Read Moondust: In Search of the Men Who Fell to Earth Page 13


  We begin by talking about the pair of novels he’s cowritten, which I read in Vegas and Barstow. The first, Encounter with Tiber, was published in 1996 and is an unwieldy space mystery about a message left by an alien civilization on the Moon. The second, a sci-fi whodunit called The Return, is tighter and lighter of touch. In both, the villains are visionless bureaucrats in the post–Apollo NASA mould, and politicians who won’t pony up the dough for essential stuff like Mars Cyclers (more of this in a moment). It plays against the backdrop of a new Space Race with China, which three years later is beginning to look remarkably prescient, because a Chinese space programme is on the launchpad. I ask him how he’d foreseen this and he begins by talking about his writerly ambitions, which surfaced in 1975 or 1976, but took twenty years to focus.

  “I kind of challenged myself, ‘What can I do with what I’ve experienced?’ ” he says. “The idea was to talk about what people didn’t know about space travel, or what they erroneously thought about it …”

  Eventually, he gets to China and its purported lunar ambitions, which have been exciting the European press for several months without gaining much attention here. Aldrin tells me that he first heard mutterings on “the underground.”

  “What,” I splutter, “the space underground?” I can’t imagine what such a thing would be for.

  Yeah, he tells me. There are rumours that the Chinese, for whom the Moon has special cultural significance, are also looking at Mars – just as we were in 1969, when von Braun tried to use the success of Apollo as a springboard for his big play, which he presented to Congress that autumn: nuclear rockets assembled in Moon bases, to reach the red planet in the early 1980s. Inevitably, the politicians balked. With Apollo struggling for cash and Vietnam in full swing, they could never support an extension of the programme into Deep Space, and for the next decade and a half, the adventure seemed over, done, an arcane relic of a more affluent and optimistic time. Yet a change came with the Challenger shuttle disaster in 1986, after which a shadowy cadre, formed out of a few enthusiasts, organizations and maverick billionaires, began to agitate for a return to the stars, questioning for the first time NASA’s custodianship of “The Dream.” Now Aldrin had something to believe in and apply his mind to and ideas tumbled from his head, including a Moon Cycler, which would travel perpetually between the Earth and the Moon, moving people and materials between the two bodies. When others convinced him that this idea would be better applied to Mars, lots of experts doubted whether it could be done, whether the necessary orbits could be traced – whether they exist in physics – but Aldrin found them. By his elegant conception, the cycler would sweep around the Sun and swing past Earth and Mars forever, using only the force of the heavens, gravity, for fuel. It was around this time that he kicked the drugs and booze. To him, the books are about giving context to some of his ideas. They’re trying to be realist rather than futurist. Buzz rehearses the arguments about whether to go back to the Moon or Mars first, managing to find a typically maverick case for going to the moons of Mars. Then he stops and says:

  “So that’s two very different philosophies, neither of which are going to be really implemented.”

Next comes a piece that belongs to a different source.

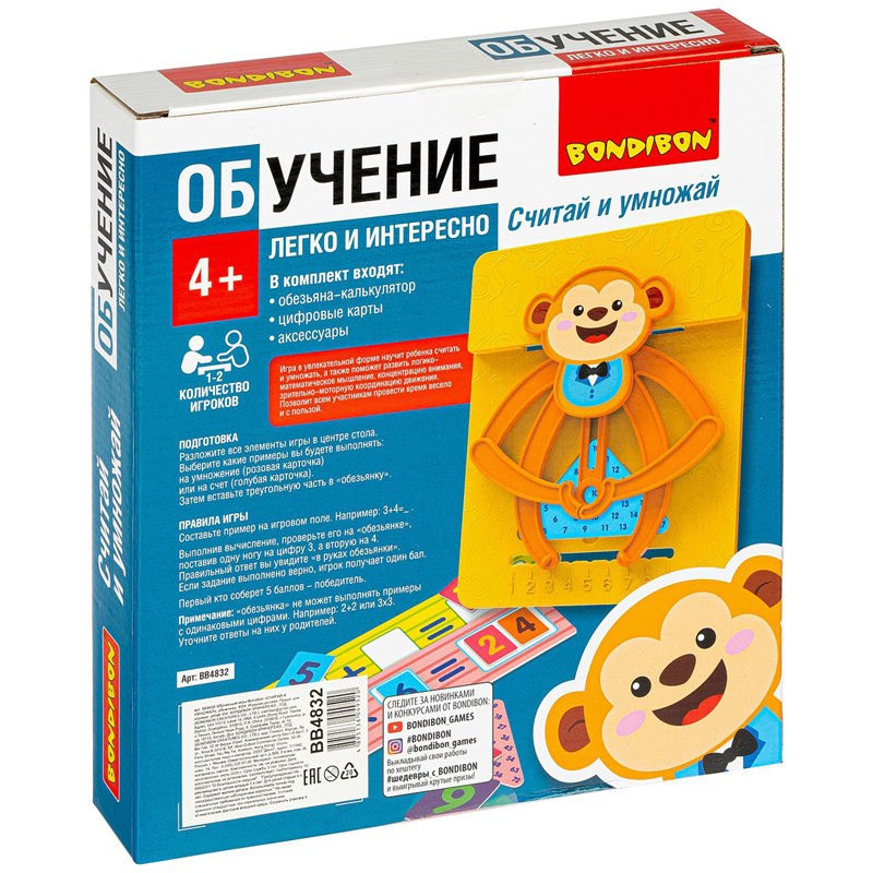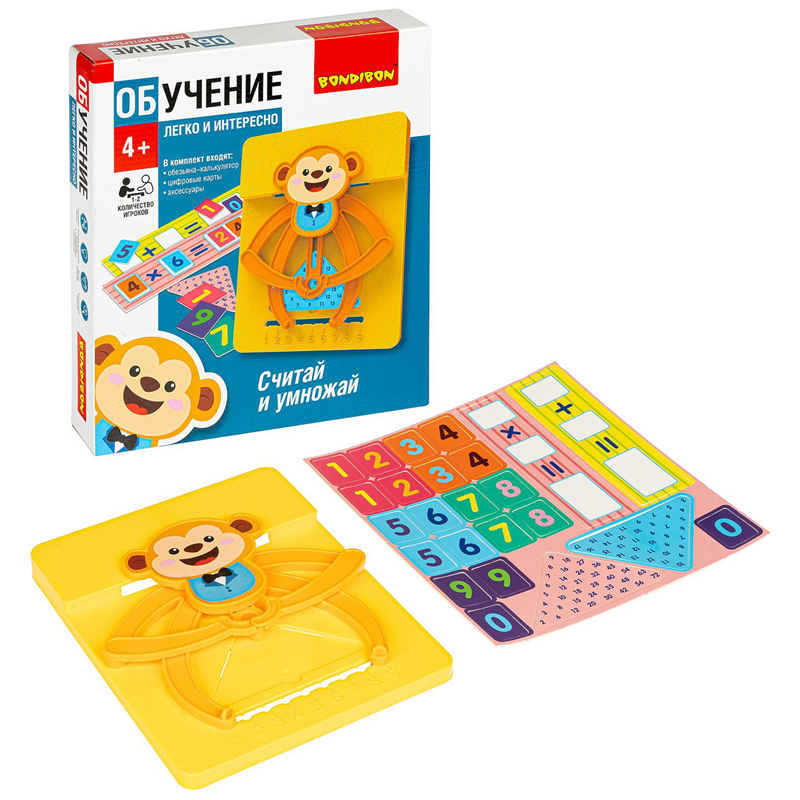 Игра «СЧИТАЙ И УМНОЖАЙ» в виде обезьянки позволяет тренировать математические навыки ребенка на умножение (розовая карточка), или на счет (голубая карточка). В комплект входят: игрушка-калькулятор, цифровые карты, аксессуары.<br/>Составьте пример на игровом поле. Например: 3+4=_ . Выполнив вычисление. проверьте его на "игрушке в виде животного", поставив одну ногу на цифру 3, а вторую на 4. Правильный ответ вы увидите «в руках животного». Если задание выполнено верно, игрок получает один бал. Первый кто соберет 5 баллов - победитель.<br/>Игра предназначена для детей от 4 лет. Играть можно одному или соревноваться, кто наберет больше правильных ответов, с друзьями. Примечание: «животное» не может выполнять примеры‚ с одинаковыми цифрами. Например, 2+2 или 3х3. Уточните ответы на них у родителей. В комплект входят: игрушка-калькулятор, цифровые карты, аксессуары.<br/>Легкое и интересное обучение - вместе с обучающими играми Bondibon.
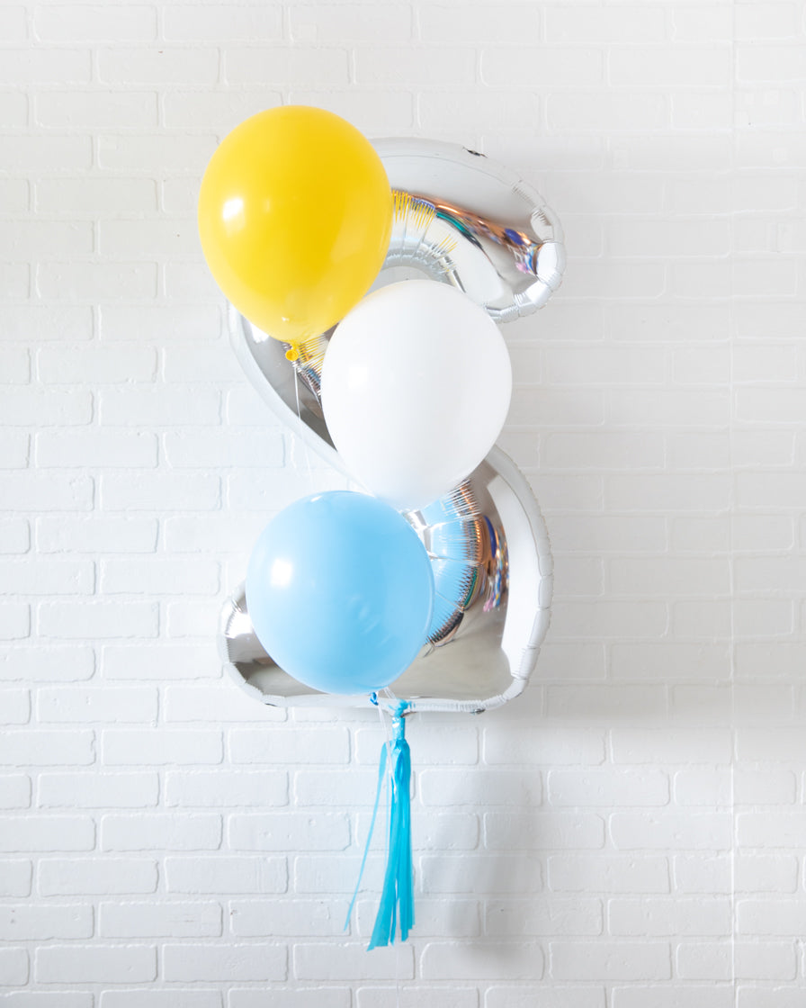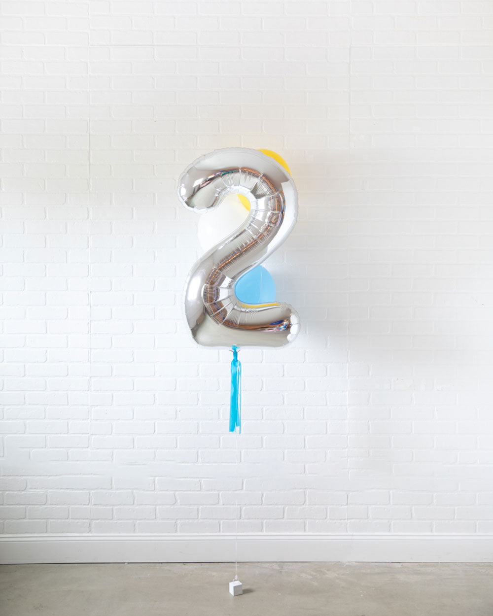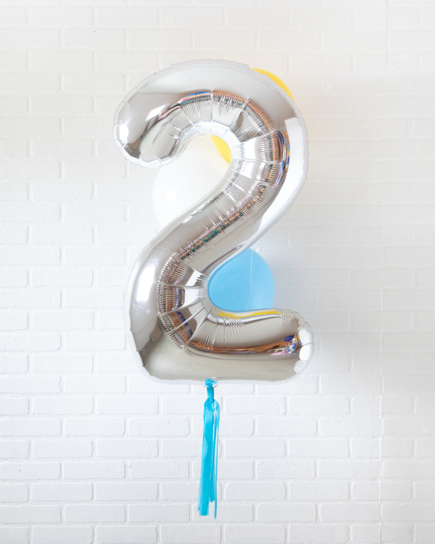 Everyone's favorite, the 34in foil number and skirt turned into a bouquet. This includes a silver number balloon and bright helium filled balloons for an effortless look. Great as decor or as photo prop.

  What? But he devotes his life to this, I say, and he explains some of the background politics of the situation, describing a web of vested interests, woven around established contractors, government agencies, the armed forces and NASA. I recognize all of this from The Return and it sounds intractable. Isn’t there something quixotic about spending time on all these ideas when he knows they stand no chance of becoming real?

  “Well, it looks as though the cards are playing out and someone will swoop in there and snatch victory from … whatever. And we might lose out, but …”

  Aldrin shrugs and trails off, while I try to work out what the devil he’s saying.

  Keen to move on, I note that the decision to try his hand at writing is interesting, because – and even before I’ve finished the sentence, he’s muttering “I don’t” – because writing sounds like such hard work for him – “I don’t” – as he describes it in Return to Earth and …

  Sorry, Buzz, what did you say?

  “It is. Hard work. And I don’t write. I can take a piece of paper and outline a few things, but I much prefer drawing a graph, where things move from left to right in time periods and I see what’s moving, or maybe I’ll look at orbits and try and work out progressions of orbits. Not just one mission, but what are the progressions, what are the buildups.”

  Once again, I’m not quite sure what is being said.

  “Right now, the basic scheme of things in my mind is different than NASA’s. NASA has been sitting there kind of doing nothing and now they’ve got a little bit of new leadership and it looks to me as though they’re going to say, ‘We, NASA, are tired of being in low Earth orbit – we’re going to go beyond!’ ”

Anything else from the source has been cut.